Gelast de bewaring ten behoeve van de rechthebbende van:
1 1.00 STK Laken X
-
5298021
2 1.00 STK Ondergoed X
slip
5297961
Gelast de teruggave aan verdachte van:
3 1.00 STK Ondergoed Kl:meerkl. X
boxershort
5298087
Wijst de vordering van [slachtoffer] , domicilie kiezend op het adres van haar raadsvrouw,
mr. A.P. Hendriks, advocaat te Amsterdam, toe tot € 27.500,- (zevenentwintigduizend en vijfhonderd euro) aan immateriële schadevergoeding, te vermeerderen met de wettelijke rente daarover vanaf 3 december 2016 tot aan de dag van de algehele voldoening.
Veroordeelt verdachte tot betaling van het toegewezen bedrag aan [slachtoffer] voornoemd.
Veroordeelt verdachte voorts in de kosten door de benadeelde partij gemaakt en ten behoeve van de tenuitvoerlegging van deze uitspraak nog te maken, tot op heden begroot op nihil.

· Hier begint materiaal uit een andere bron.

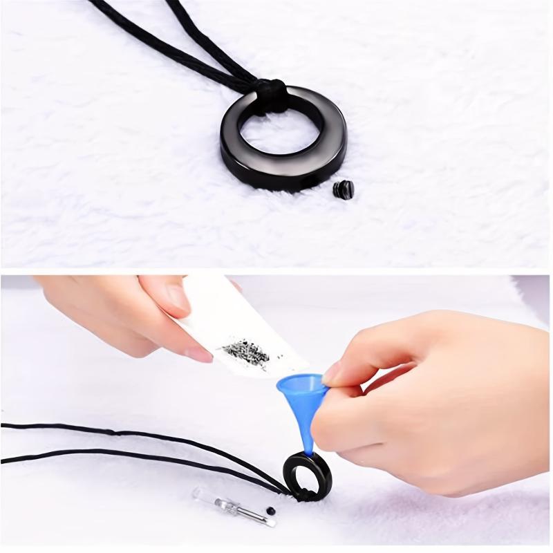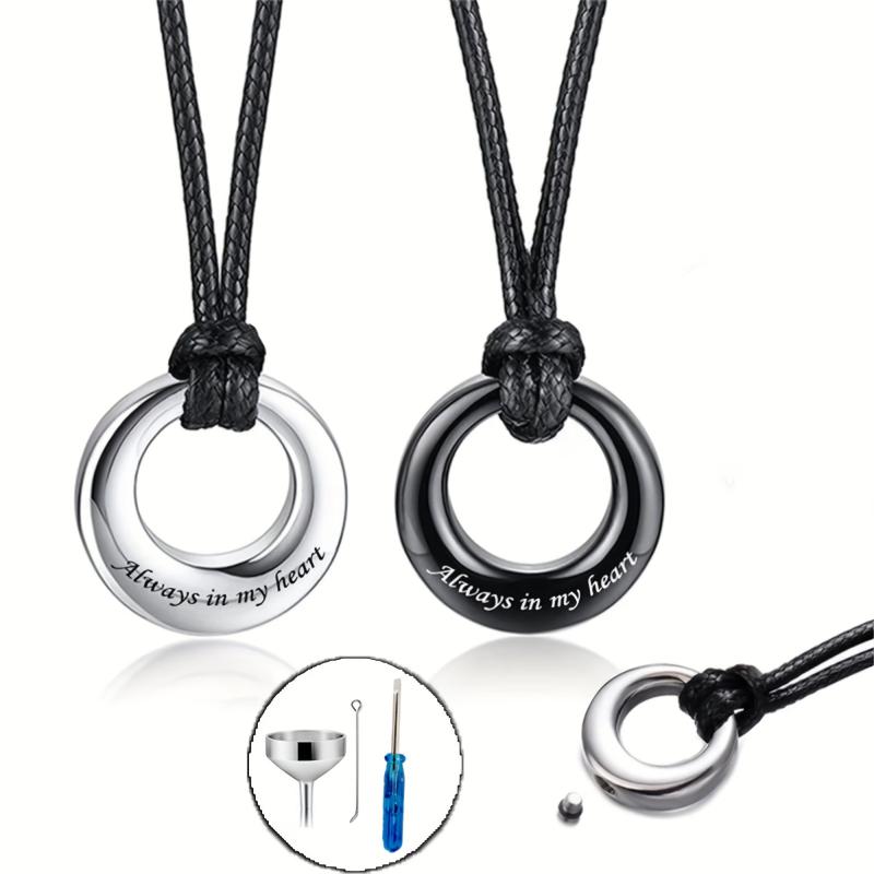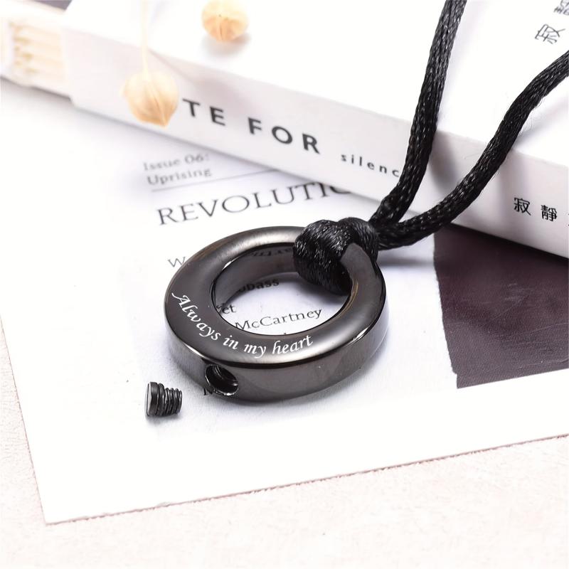 Unique custom urn necklaces featuring carvings for human or pet ashes. These eternal circles of life cremation jewelry pieces are perfect ring pendant necklaces for men.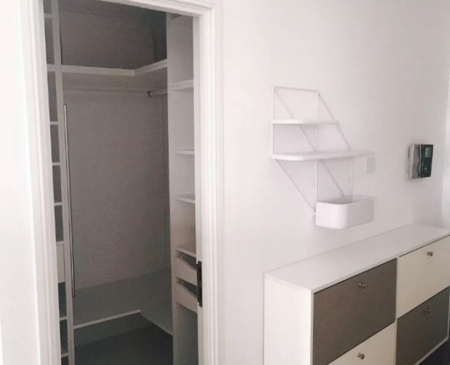 衣帽间的柜子是L型,用2.7米顶天立地的板子来做,效果很棒,储物能力和1~2个大衣柜相当。

Legt verdachte de verplichting op ten behoeve van [slachtoffer] aan de Staat € 27.500,- (zevenentwintigduizend en vijfhonderd euro) te betalen, te vermeerderen met de wettelijke rente daarover vanaf 3 december 2016 tot aan de dag van de algehele voldoening, bij gebreke van betaling en verhaal te vervangen door hechtenis van 172 (honderdentweeënzeventig dagen). De toepassing van die hechtenis heft de betalingsverplichting niet op.
Bepaalt dat, indien en voor zover verdachte aan een van genoemde betalingsverplichtingen heeft voldaan, daarmee de andere is vervallen.
Dit vonnis is gewezen door
mr. C.F. de Lemos Benvindo, voorzitter,
mrs. S. van Eunen en M. Snijders Blok-Nijensteen, rechters,
in tegenwoordigheid van mr. Y.M.E. Jurgens, griffier,
en uitgesproken op de openbare terechtzitting van deze rechtbank van 29 november 2017.